Ci sono cinquant’anni di mezzo, una vita intera e un percorso che, dall’idea di una natura benigna e dalla possibilità di avere i mezzi per rappresentarla e conoscerla, approda alla drammatica conclusione che l’universo è caos, violenza distruttrice, che tutto travolge, uomo compreso.
La tesi sarebbe avvalorata da una nota di Leonardo nel Codice Arundel:
Siccome ogni regno in sé diviso è disfatto, così
ogni ingegno diviso in diversi studi si confonde
e si indebolisce
( Londra, Britsh Museum , 1505-1510)
Una specie di confessione di essersi spinto troppo oltre nel voler affrontare i più diversi campi del sapere, tanto da sentirsi confuso, di aver perso la retta via dell’unità della conoscenza.
Ipotesi romantica e fascinosa, che ci sarebbe piaciuto vedere avvalorata attraverso il percorso espositivo e che invece resta sottotraccia, confusa nella comprensibile ansia di mettere tutto quel che si poteva recuperare del genio e della sua cerchia.
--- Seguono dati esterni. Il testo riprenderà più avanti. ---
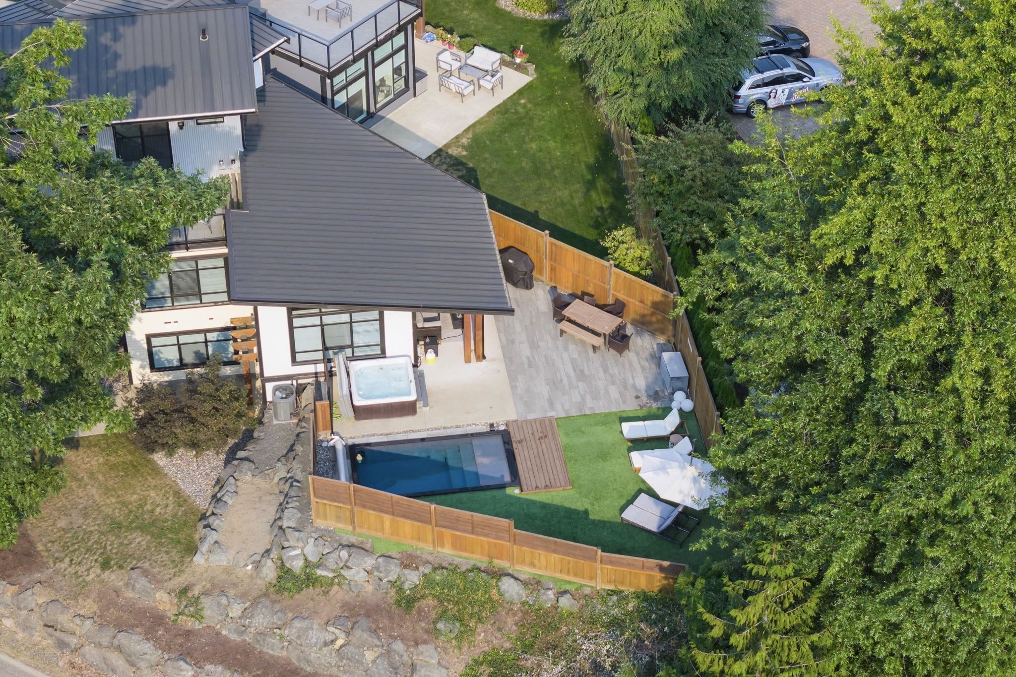 STUNNING CUSTOM HOME ON LITTLE MOUNTAIN WITH A POOL & ROOFTOP PATIO! This one is not like the rest. Over 3,100sqft of living space, 4 beds, 4 baths, easily SUITEABLE (already roughed in & separate entry), low maintenance ARTIFICIAL TURF backyard w/ a POOL & a HOT TUB for an amazing entertaining space, AIR CONDITIONING, METAL ROOF, & ROOF TOP PATIO w/ gorgeous mountain views. Amazing one of a kind open concept main living area w/ beautiful windows, modern kitchen w/ stainless steel appliances, quartz counter...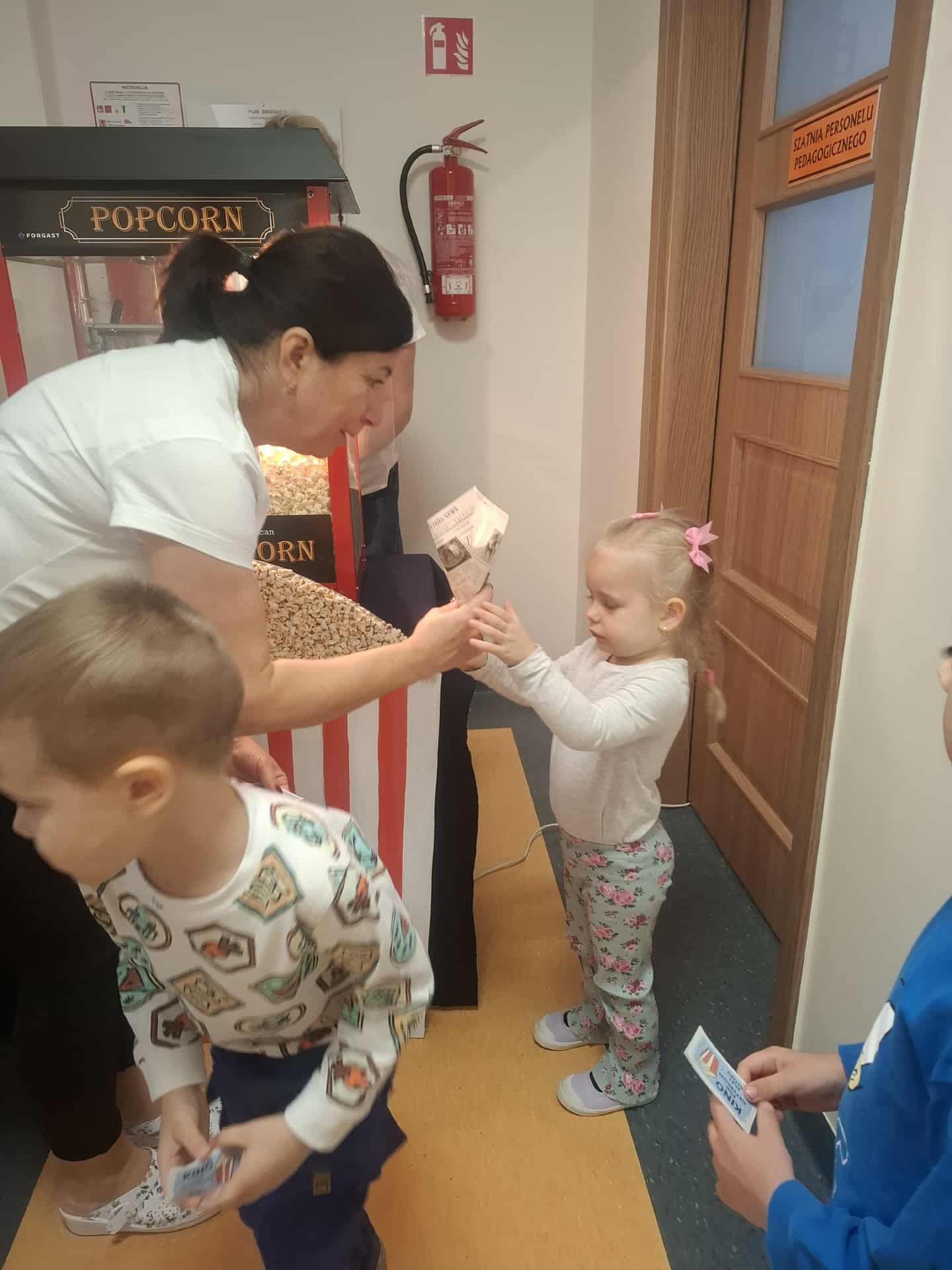 Dziś nasze przedszkolaki wybrały się do wyjątkowego Kina pod Grzybkiem! Po okazaniu biletu każdy mały widz otrzymał porcję pysznego popcornu, a w drodze do sali "kinowej" dzieci mogły zrobić sobie zdjęcie w Alei Gwiazd.Na dużym ekranie obejrzeliśmy film „Listonosz Pat”, który dostarczył dzieciom mnóstwo radości i śmiechu.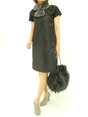 黒ワンピはファー小物でリッチに仕上げたい。足元には程よいボリュームのブーティーで!エレガンス度70%、スタイリッシュ度30%。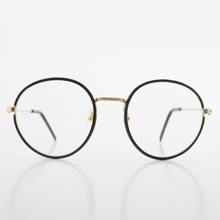 Attractive gold, round frame wrapped glasses. These eye-catching eyeglasses have an embossed metal nose bridge and black temple tips. Perfect for a sophisticated, timeless and classic look. Fake glasses with clear lens. Not recommended for RX.

Quel che salta agli occhi e anche al cuore, nel senso che suscita un’emozione da lasciar senza fiato, è la meraviglia dei suoi disegni. Che siano ritratti, caricature grottesche, studi di anatomia, studi preparatori per monumenti, per edifici, macchine da guerra, paesaggi, perfino argani, sono meravigliosi. Il suo segno, da destra a sinistra – era mancino – è preciso e dinamico, riusciamo a ripercorrere il gesto della mano, la pressione della matita o della penna; il suo famoso chiaro-scuro, i tratti sovrapposti che si inseguono creano quell’atmosfera che immerge le figure nel mondo, che le fa vibrare, qualcosa di incompiuto che rende il loro dinamismo e insieme quello del nostro occhio che le coglie nel loro farsi.
Una sala che vale la visita è quella dedicata ai moti dell’anima, in cui si confrontano capolavori come il Musico dell’Ambrosiana, gli studi per la Madonna del gatto, per la Madonna Litta e per le teste degli Apostoli del Cenacolo, con il ghignante, ineffabile, sfregiato Ritratto d’uomo di Antonello da Messina.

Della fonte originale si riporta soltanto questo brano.